MarkDuplicates with single end data does not write the full report
mattsoup opened this issue · 3 comments
This issue tracker is for bug reports only. Before opening a new issue here, please make a post on our support forum so that our support team can look at your issue and determine whether it needs to be escalated into a bug report.
Instructions
- Use a concise yet descriptive title;
- Determine whether your issue is a bug report, a feature request, or a documentation request;
- Choose the corresponding template block below and fill it in, replacing or deleting text in italics (surrounded by
_
) as appropriate; - Delete the other template blocks and this header.
Bug Report
Affected tool(s)
MarkDuplicates
Affected version(s)
- Latest public release version 3.1.1
- Latest development/master branch as of [date of test?]
Description
MarkDuplicates with paired end data writes the expected report file. However, with the same data but with all read 2s filtered out (so, 'single end'), the output report has no value for ESTIMATED_LIBRARY_SIZE
, and no histogram data is generated.
Steps to reproduce
picard MarkDuplicates INPUT='Filter_on_data_16' OUTPUT='/mnt/galaxy/data6/user-data/010/975/dataset_10975886.dat' METRICS_FILE='/mnt/galaxy/data6/user-data/010/975/dataset_10975885.dat' REMOVE_DUPLICATES='false' ASSUME_SORTED='true' DUPLICATE_SCORING_STRATEGY='SUM_OF_BASE_QUALITIES' OPTICAL_DUPLICATE_PIXEL_DISTANCE='100' VALIDATION_STRINGENCY='LENIENT' TAGGING_POLICY=All QUIET=true
Expected behavior
The full MarkDuplicates report should be written regardless of whether the input is paired or single end.
Actual behavior
Single end reports do not have estimated library size or the histogram data written.
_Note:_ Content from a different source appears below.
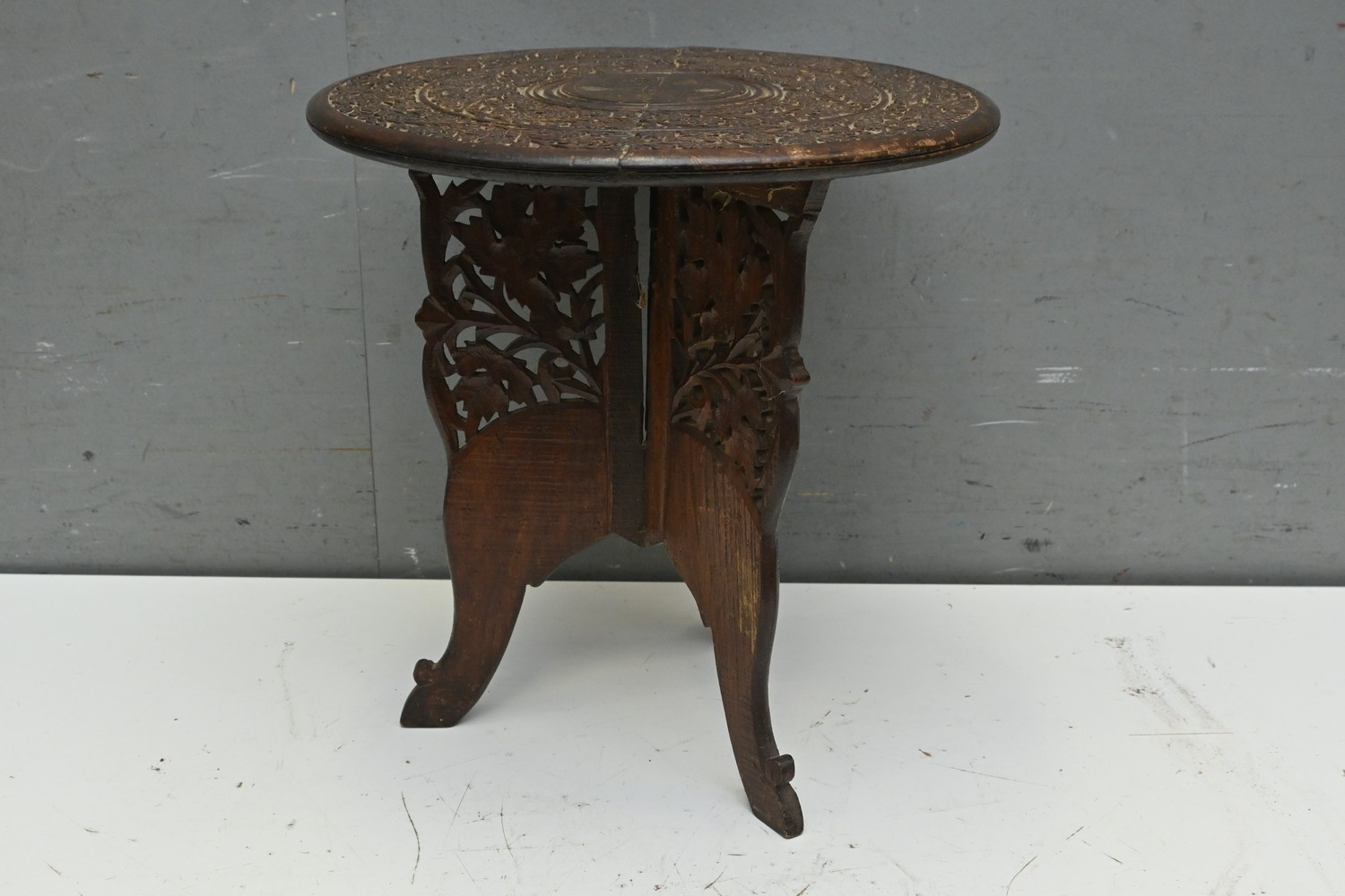 A CARVED INDIAN ROSEWOOD PADOUK THREE LEGGED TABLE (A/F) (H39 X D38 CM) (LEONARD JOEL DELIVERY SIZE: MEDIUM)

Did you reset the samflags on the remaining single reads, or are they still marked as paired ?
For this particular test I didn't reset the flags, but we found the problem with actual single end data that was never marked as paired.
Looks like ESTIMATED_LIBRARY_SIZE
is only calculated for paired-end reads:
picard/src/main/java/picard/sam/DuplicationMetrics.java
Lines 111 to 112 in c8b2c06
One could potentially check if the input contains all single-end or paired-end reads (what about paired-end reads with an unmapped mate being counted towards UNPAIRED_READS_EXAMINED
?) and use the corresponding values as inputs to the function, but I'm not sure if this behavior was ever intended. @yfarjoun @lbergelson Any opinions?